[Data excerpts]
= = =

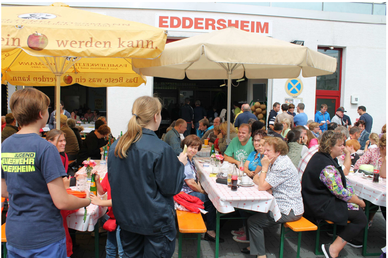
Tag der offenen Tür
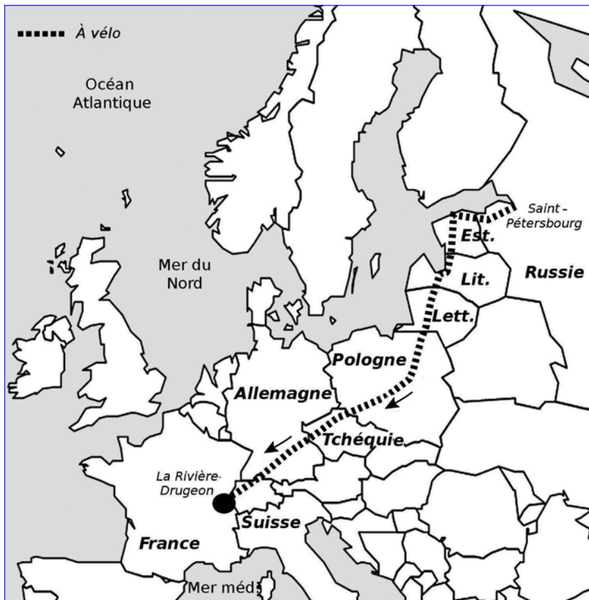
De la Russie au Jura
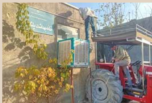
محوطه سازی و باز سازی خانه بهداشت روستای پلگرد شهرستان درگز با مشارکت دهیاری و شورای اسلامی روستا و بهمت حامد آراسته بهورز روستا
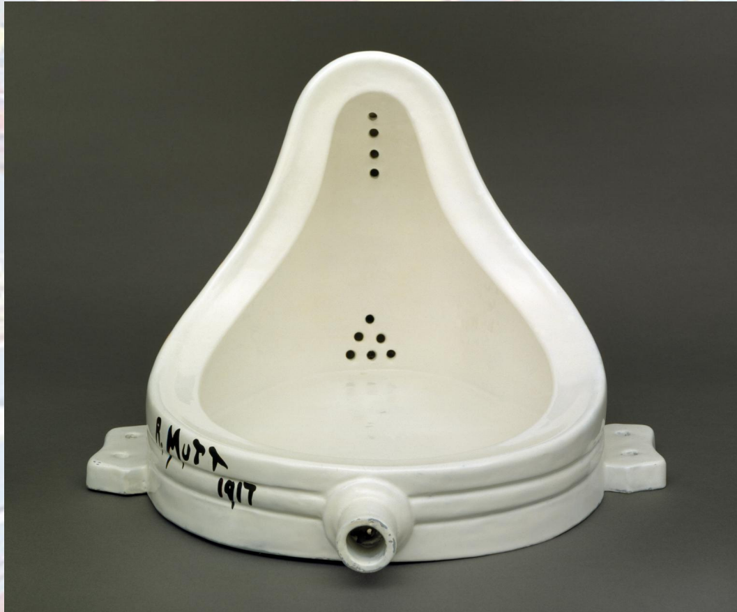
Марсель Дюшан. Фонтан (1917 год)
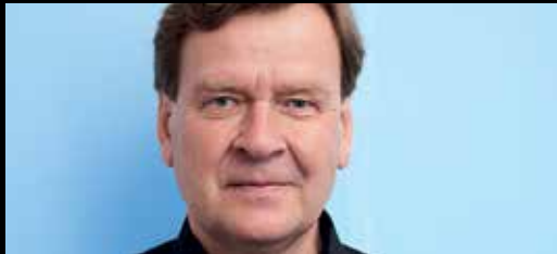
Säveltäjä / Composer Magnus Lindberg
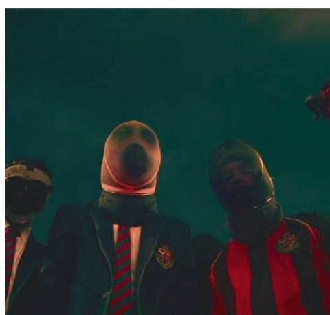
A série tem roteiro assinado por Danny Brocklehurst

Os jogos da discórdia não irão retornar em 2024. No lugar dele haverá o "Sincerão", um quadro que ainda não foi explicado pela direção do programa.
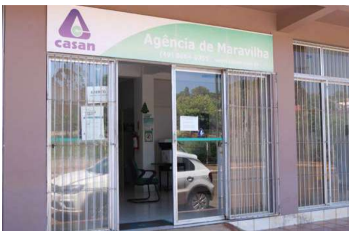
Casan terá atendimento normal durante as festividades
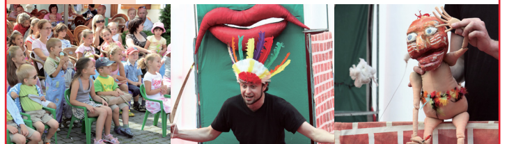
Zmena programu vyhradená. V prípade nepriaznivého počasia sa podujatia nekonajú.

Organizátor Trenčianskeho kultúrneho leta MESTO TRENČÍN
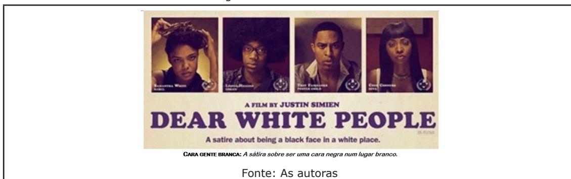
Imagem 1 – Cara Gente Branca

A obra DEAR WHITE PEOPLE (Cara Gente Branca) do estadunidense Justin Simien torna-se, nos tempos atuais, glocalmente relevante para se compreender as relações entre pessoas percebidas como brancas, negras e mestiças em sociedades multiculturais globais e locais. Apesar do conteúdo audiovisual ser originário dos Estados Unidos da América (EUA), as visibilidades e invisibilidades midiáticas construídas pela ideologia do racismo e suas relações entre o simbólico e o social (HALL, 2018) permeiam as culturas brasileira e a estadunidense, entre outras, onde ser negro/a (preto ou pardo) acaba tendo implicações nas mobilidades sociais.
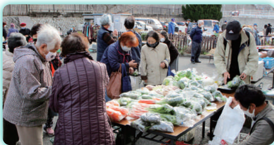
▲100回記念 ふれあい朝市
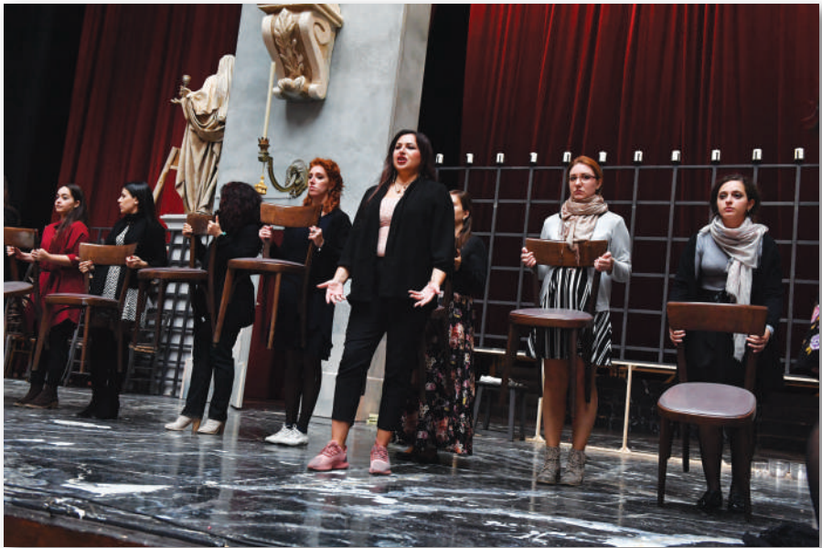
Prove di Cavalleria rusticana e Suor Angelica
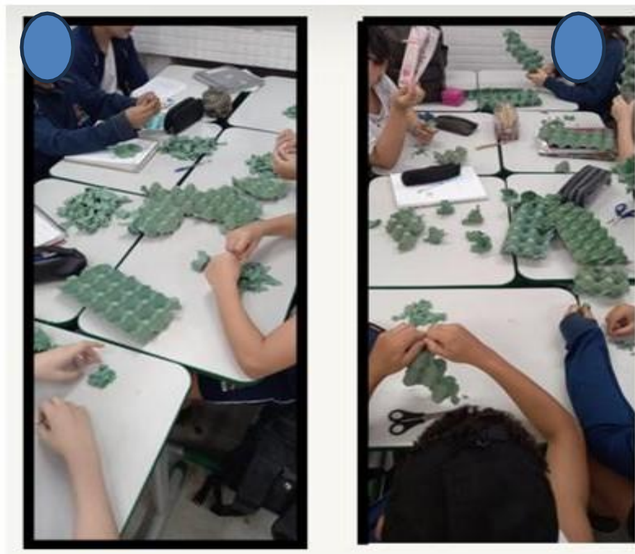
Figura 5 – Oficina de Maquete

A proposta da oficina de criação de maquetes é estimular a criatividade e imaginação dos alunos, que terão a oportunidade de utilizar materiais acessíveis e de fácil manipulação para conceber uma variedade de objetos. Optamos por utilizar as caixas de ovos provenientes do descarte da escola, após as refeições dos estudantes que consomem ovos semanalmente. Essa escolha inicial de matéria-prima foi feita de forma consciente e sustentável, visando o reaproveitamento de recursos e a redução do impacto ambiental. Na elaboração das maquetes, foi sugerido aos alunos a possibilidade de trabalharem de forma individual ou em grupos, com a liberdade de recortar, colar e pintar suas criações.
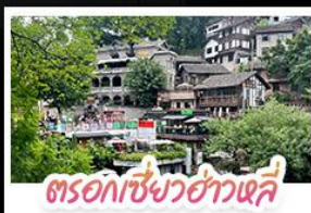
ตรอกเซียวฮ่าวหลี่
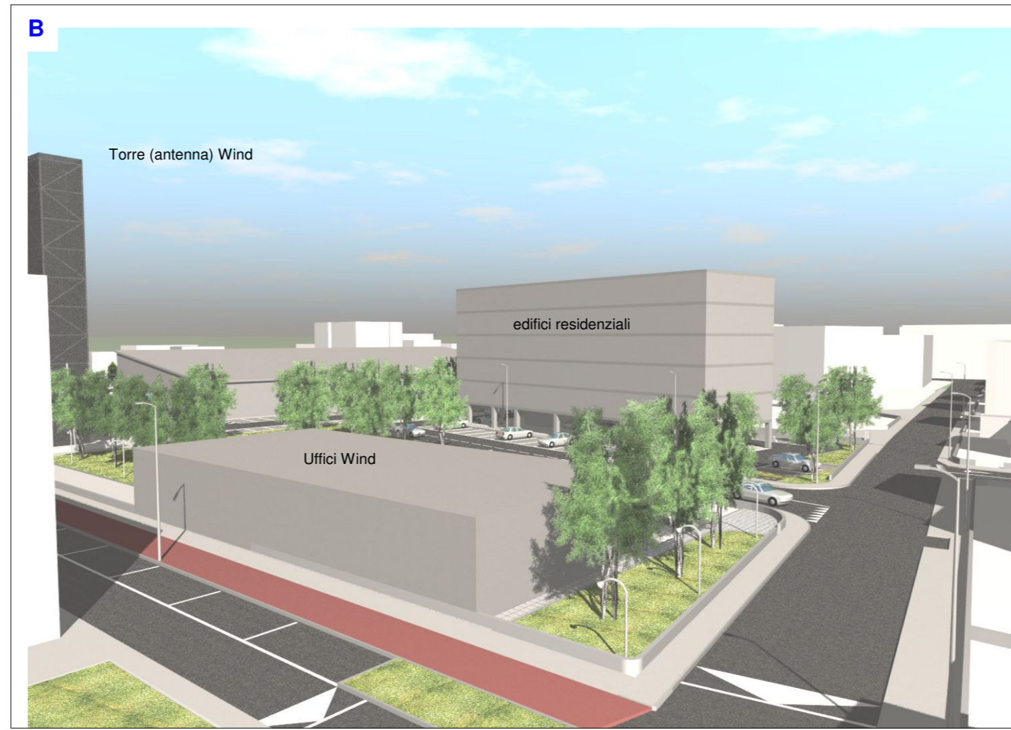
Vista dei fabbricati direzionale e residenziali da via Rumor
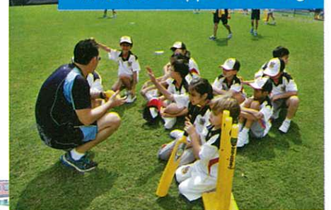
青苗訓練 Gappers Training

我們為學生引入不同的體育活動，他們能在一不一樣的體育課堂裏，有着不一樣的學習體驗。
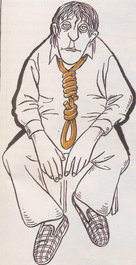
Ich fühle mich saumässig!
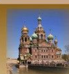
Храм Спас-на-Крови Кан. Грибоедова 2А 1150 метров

= = =

▶ _TASK ITEM_
The answer should consist of all the records, duplicated exactly, with no images included.

▶ _COMPLETED EXERCISE_
Tag der offenen Tür
De la Russie au Jura
محوطه سازی و باز سازی خانه بهداشت روستای پلگرد شهرستان درگز با مشارکت دهیاری و شورای اسلامی روستا و بهمت حامد آراسته بهورز روستا
Марсель Дюшан. Фонтан (1917 год)
Säveltäjä / Composer Magnus Lindberg
A série tem roteiro assinado por Danny Brocklehurst

Os jogos da discórdia não irão retornar em 2024. No lugar dele haverá o "Sincerão", um quadro que ainda não foi explicado pela direção do programa.
Casan terá atendimento normal durante as festividades
Zmena programu vyhradená. V prípade nepriaznivého počasia sa podujatia nekonajú.

Organizátor Trenčianskeho kultúrneho leta MESTO TRENČÍN
Imagem 1 – Cara Gente Branca

A obra DEAR WHITE PEOPLE (Cara Gente Branca) do estadunidense Justin Simien torna-se, nos tempos atuais, glocalmente relevante para se compreender as relações entre pessoas percebidas como brancas, negras e mestiças em sociedades multiculturais globais e locais. Apesar do conteúdo audiovisual ser originário dos Estados Unidos da América (EUA), as visibilidades e invisibilidades midiáticas construídas pela ideologia do racismo e suas relações entre o simbólico e o social (HALL, 2018) permeiam as culturas brasileira e a estadunidense, entre outras, onde ser negro/a (preto ou pardo) acaba tendo implicações nas mobilidades sociais.
▲100回記念 ふれあい朝市
Prove di Cavalleria rusticana e Suor Angelica
Figura 5 – Oficina de Maquete

A proposta da oficina de criação de maquetes é estimular a criatividade e imaginação dos alunos, que terão a oportunidade de utilizar materiais acessíveis e de fácil manipulação para conceber uma variedade de objetos. Optamos por utilizar as caixas de ovos provenientes do descarte da escola, após as refeições dos estudantes que consomem ovos semanalmente. Essa escolha inicial de matéria-prima foi feita de forma consciente e sustentável, visando o reaproveitamento de recursos e a redução do impacto ambiental. Na elaboração das maquetes, foi sugerido aos alunos a possibilidade de trabalharem de forma individual ou em grupos, com a liberdade de recortar, colar e pintar suas criações.
ตรอกเซียวฮ่าวหลี่
Vista dei fabbricati direzionale e residenziali da via Rumor
青苗訓練 Gappers Training

我們為學生引入不同的體育活動，他們能在一不一樣的體育課堂裏，有着不一樣的學習體驗。
Ich fühle mich saumässig!
Храм Спас-на-Крови Кан. Грибоедова 2А 1150 метров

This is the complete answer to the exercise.